Hi. I got following error when I use stringtie. with repeatmasker annotation gff file and RNA-seq bam files which is already sorted with samtools.
GFF Error: overlapping duplicate dispersed_repeat feature (ID=461)
GFF Error: overlapping duplicate dispersed_repeat feature (ID=712)
GFF Error: overlapping duplicate dispersed_repeat feature (ID=1013)
...
GFF Error: overlapping duplicate dispersed_repeat feature (ID=128998)
I generated the repeatmasker annotation from following file in the link https://hgdownload.soe.ucsc.edu/goldenPath/hs1/bigZips/hs1.repeatMasker.out.gz and convert gff file with rmOutToGFF3.pl.
When I checked the duplicates in the original hs1.repeatMasker.out, there is many duplicates in the ID column top right like below (461).
SW perc perc perc query position in query matching repeat position in repeat
score div. del. ins. sequence begin end (left) repeat class/family begin end (left) ID
321 23.6 6.2 0.0 chrX 306885 306990 (153952576) C L1M4c LINE/L1 (4017) 2367 2255 459
713 10.8 0.0 0.0 chrX 307028 307129 (153952437) C AluJo SINE/Alu (91) 221 120 460
1486 18.5 5.6 4.3 chrX 307210 307577 (153951989) C MLT1C2 LTR/ERVL-MaLR (47) 414 42 461
1610 21.0 4.8 3.2 chrX 307562 307970 (153951596) C MLT1C2 LTR/ERVL-MaLR (40) 421 6 461
1171 22.5 5.0 3.0 chrX 307986 308315 (153951251) C MLT1C2 LTR/ERVL-MaLR (124) 337 1 462
I am learning the analysis for transposable element from this article (https://www.nature.com/articles/s41588-019-0373-3), What do you think how the author deal with this problem? Could you tell me how should I deal with this? Thanks in advance.
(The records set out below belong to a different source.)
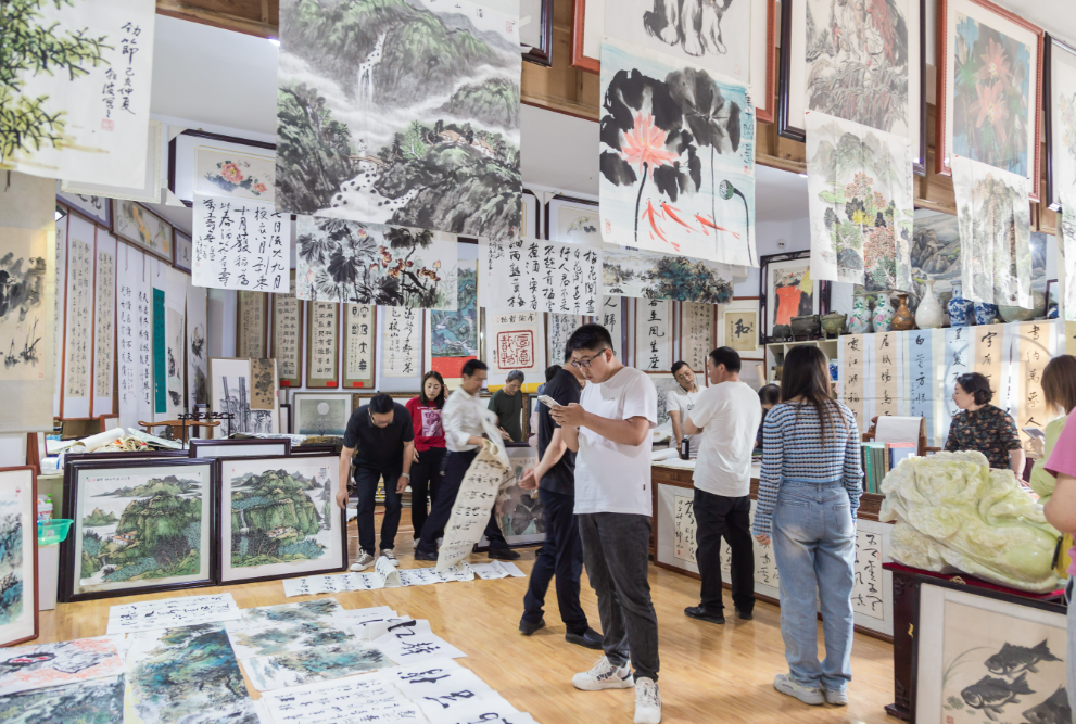 说到画廊,不能不提政府招待所二楼的“西部美术馆”和通渭宾馆三楼的“长安画廊”。“西部美术馆”陈列的多为省内外名家来通渭交流留下的墨宝,作品气象万千,风采各异,标价几百到千余元不等,其中不乏京津及各地名家之作。“长安画廊”则以经营古董字画居多,粗略浏览,有唐琏、范振绪的山水画作,也有刘尔析、裴建准的书法条幅。
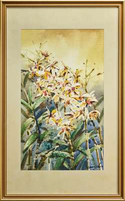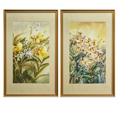 龚明金(馬來西亞,1945年生) 紙本水彩 胡姬花圖 鏡框(兩幅)
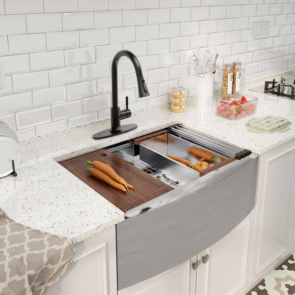 31 in. Farmhouse/Apron-Front Single Bowl 18 Gauge Brushed Stainless Steel Kitchen Sink with Pull-Down Faucet
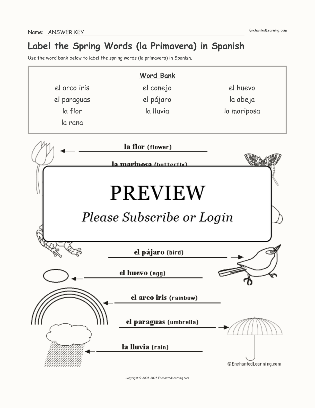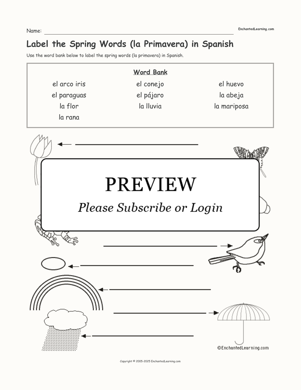 In this printable worksheet, use the word bank to label the spring words (la primavera) in Spanish.
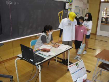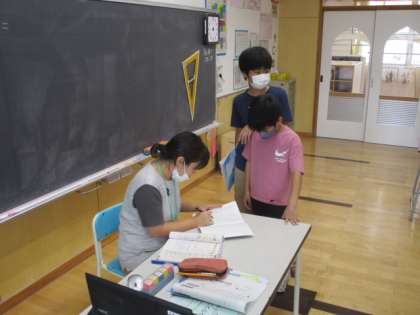 6時間目の6年生は、比の計算のプリントに取り組みました。できた人から担任の先生のところへ持って行き、採点をしてもらっていました。
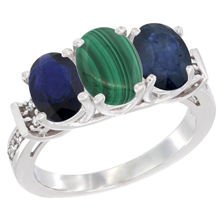 10K White Gold Natural Malachite & Blue Sapphire Sides Ring 3-Stone Oval Diamond Accent, sizes 5 - 10
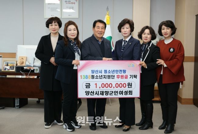 (원투원뉴스) 양산시 재향군인여성회(회장 전정애)는 30일 양산시를 방문해 후원금 100만 원을 양산시청소년상담복지센터 1388청소년지원단에 기탁했다.
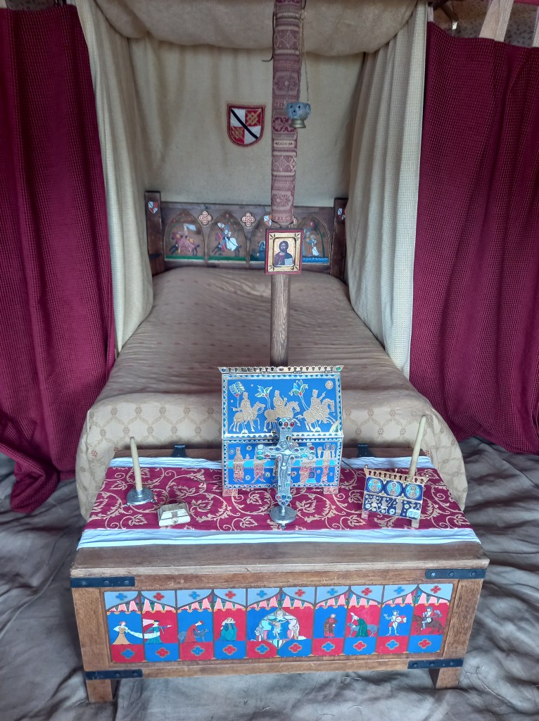 They are with their friend Lil, who is looking equally lovely. I made Ellen a green velvet over dress to go with the under dress, both of which you can see in this picture under the cloak. The head dress was embroidered and beaded over the flower motif on the fabric. Jake’s outfit was made from green brocade and the velvet hose came from a friend, I think it is the same fabric that Lil’s overdress is made from as well.
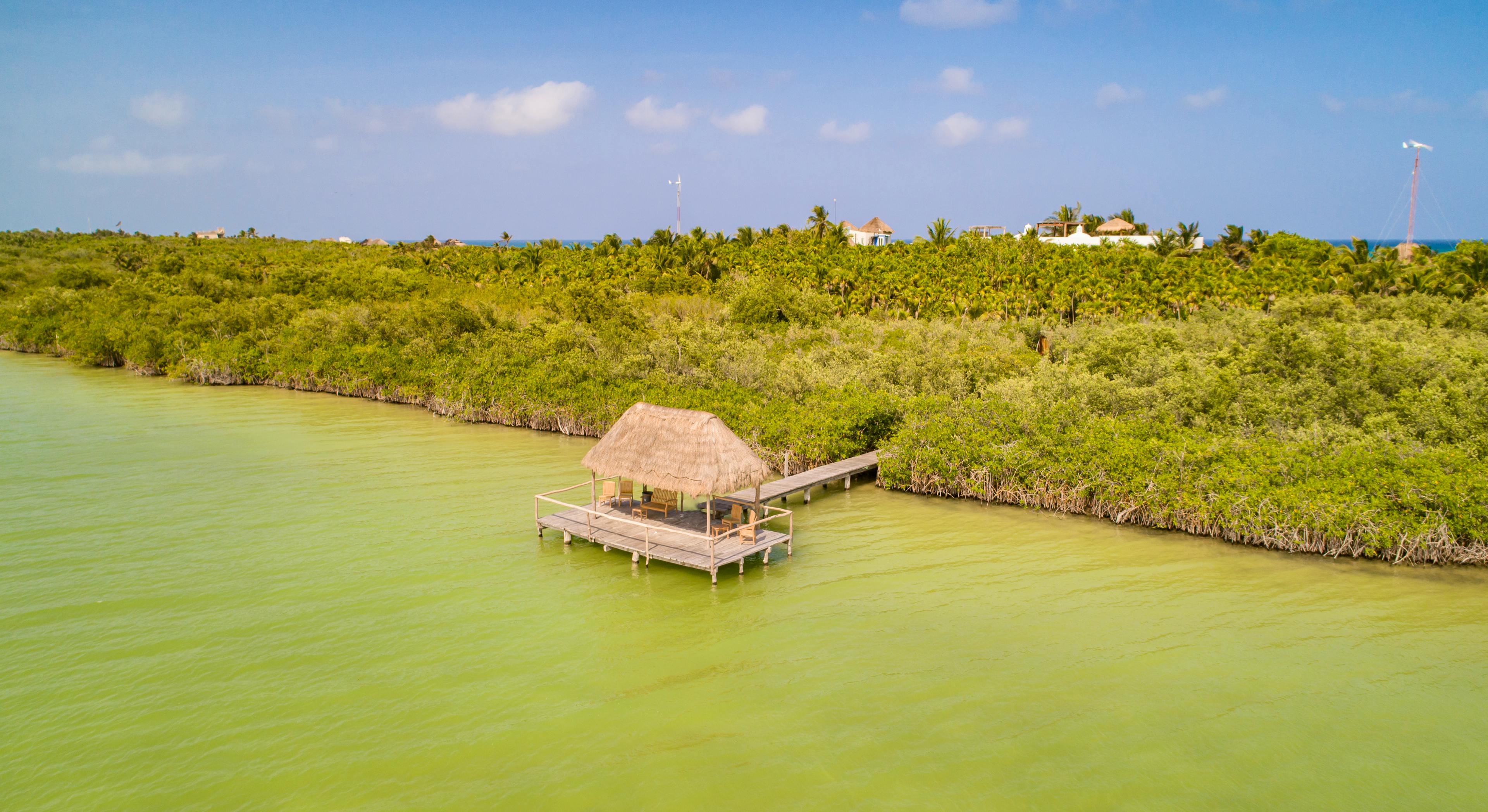 Groups of up to eight guests can enjoy this marvellous, stylish villa that is tucked away on the Caribbean coast of Mexico. With gorgeous interiors and some amazing outdoor social spaces, this is the perfect holiday home for groups looking to escape to a tropical beach and relax and unwind with their loved ones. The villa has a number of fab social spots including the marvellous, sunny roof terrace, complete with sunbathing areas, a dining space and even a swimming pool. Here you can relax with a good book and a glass of something delicious, cool off in the pool or spend some time soaking up the rays chatting with your nearest and dearest. There are also some stunning shaded terrace areas, with their day beds, beanbags and hammocks, providing you with yet more space to unwind and relax. And, to top it off, you're only a short hop to your very own private sandy beach and dock in a truly picturesque lagoon. Stepping inside the villa, guests will love whipping up delicious feasts in the amazing, modern kitchen, which has all the amenities you'll need to prepare delicious feasts during your stay. This room is also beautifully sleek and stylish with dark work surfaces and atmospheric lighting. Enjoy preparing dinner in the well equipped kitchen, which you can enjoy on the large dining table that shares the space or outside in the fresh sea air. There's also a large salon/lounge area with some comfy seating for socialising. When bedtime beckons, the villa has four double bedrooms that all face the beach. Each room has an ensuite bathroom for added privacy as well as air conditioning to keep you nice and cool when the weather's warm. Some of the bedrooms also have their own TV for added entertainment. This gorgeous villa is sitting in an absolutely spectacular location, nestled in the natural surrounds of the Sian Ka’an Biosphere, with the Caribbean Sea in front and nature reserve to the rear. You can spend days lounging on your private beach, but there is plenty to see and do in the area. You're not far from the Tulum ruins, which are the remains of an ancient, pre-Columbian Mayan walled city. These remarkable ruins are well worth a visit and can be accessed via bicycle or taxi. You may also wish to visit the Sian Ka’an biosphere, which is a beautiful World Heritage site. This natural wonder contains tropical forests, mangroves, marshes, a barrier reef and a range of animal species including dolphins, tropical birds, crocodiles, sea turtles, monkeys and tropical fish.
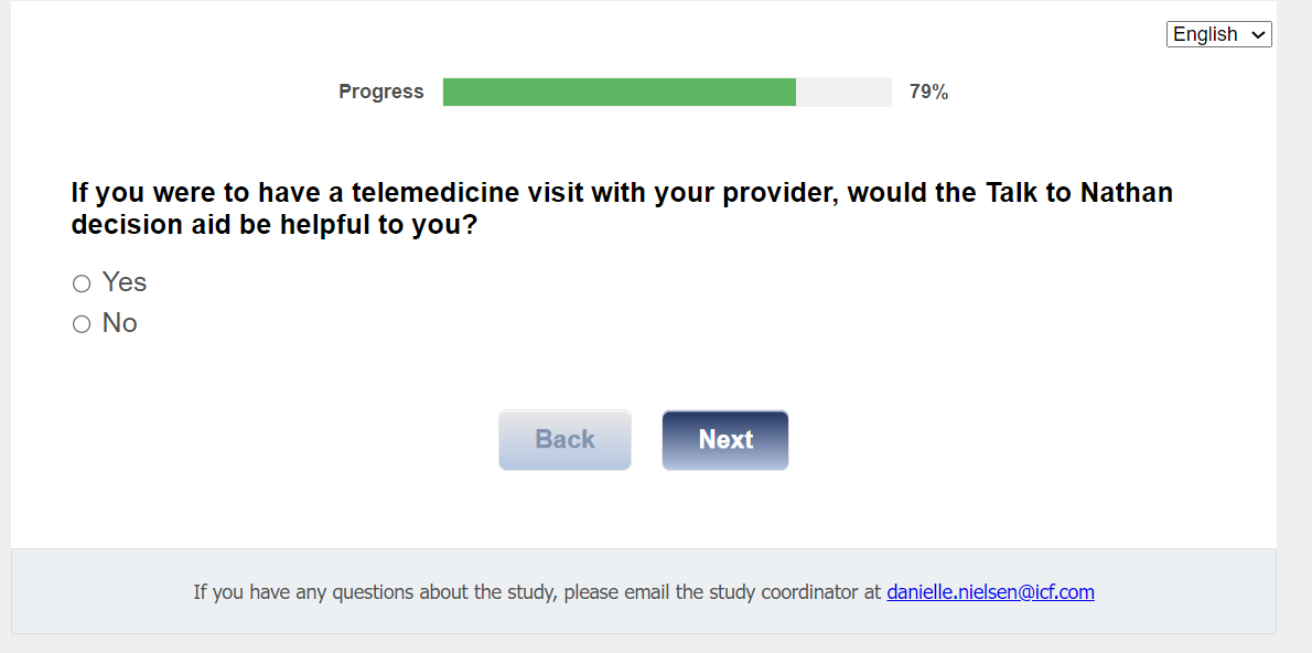 If you were to have a telemedicine visit with your provider, would the Talk to Nathan decision aid be helpful to you?
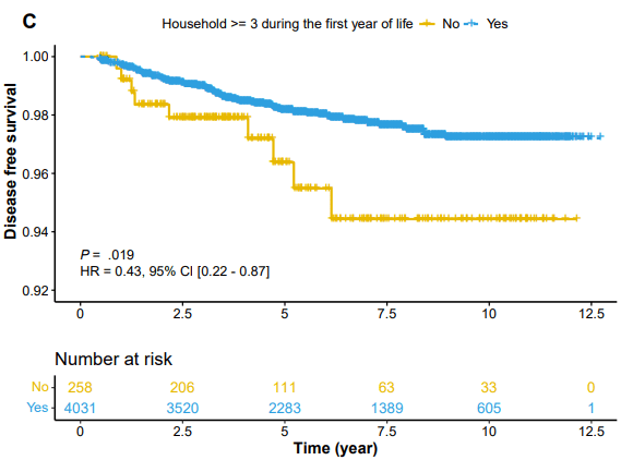 - Living with a large family size in the first year of life (HR, 0.43; P = .016) was associated with decreased CD risk
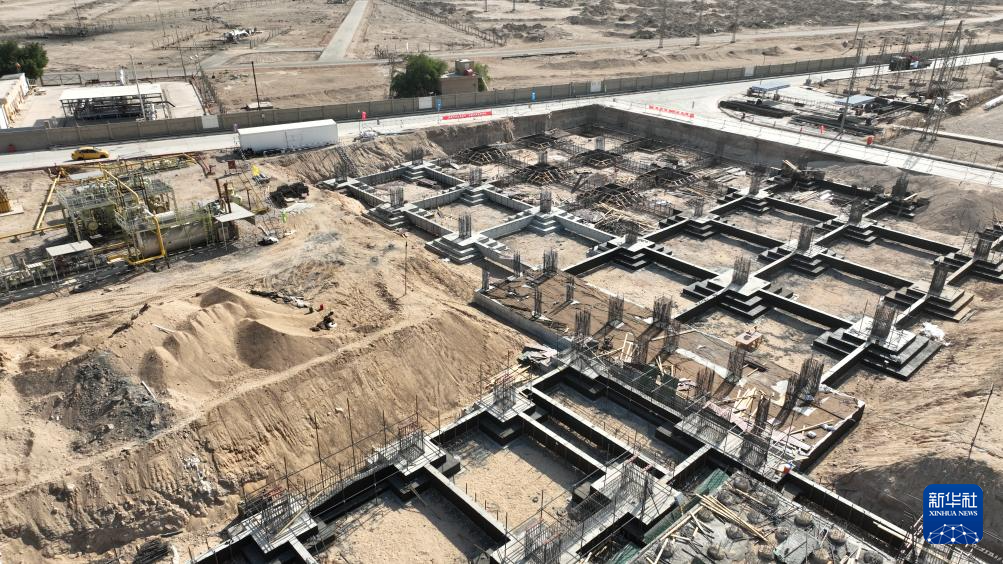 这是11月20日在伊拉克纳杰夫省拍摄的纳杰夫燃机电厂联合循环扩建项目施工现场(无人机照片)。新华社发(吴宇霄摄)
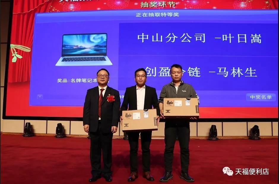隨后千人晚宴和文藝晚會正式拉開帷幕。多才多藝的天福人使出十八般武藝,勁歌熱舞應接不暇。除了精彩節目,豐盛大餐,還有抽出了458份天福會員余額獎、華為手機、筆記本電腦獎,以及產生了從200元到5000元不等的現金獎獲得者400多人。
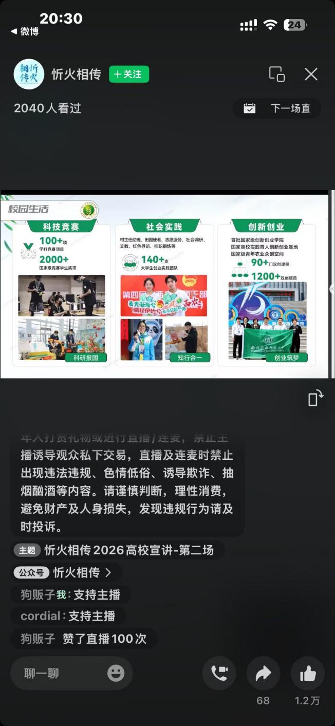 此次线上宣讲共开展多场,每场参与人数均突破2000人。宣讲队成员全程在线值守,依托PPT针对备考细节、志愿填报等问题倾囊相授,直播间互动热烈。不少学子表示,通过线上线下宣讲,既深入了解了西农实力,也收获了实用备考经验,坚定了圆梦名校的信念。

Well ... here is their code availability section:
https://www.nature.com/articles/s41588-019-0373-3#code-availability
I would ask the authors for those scripts. Most likely they applied some combination of interval filtering with existing tools.
I will say it is pretty darn ridiculous how in this day and age you have to request that the author gives you the scripts. I am going to test this out and ask the authors for the script.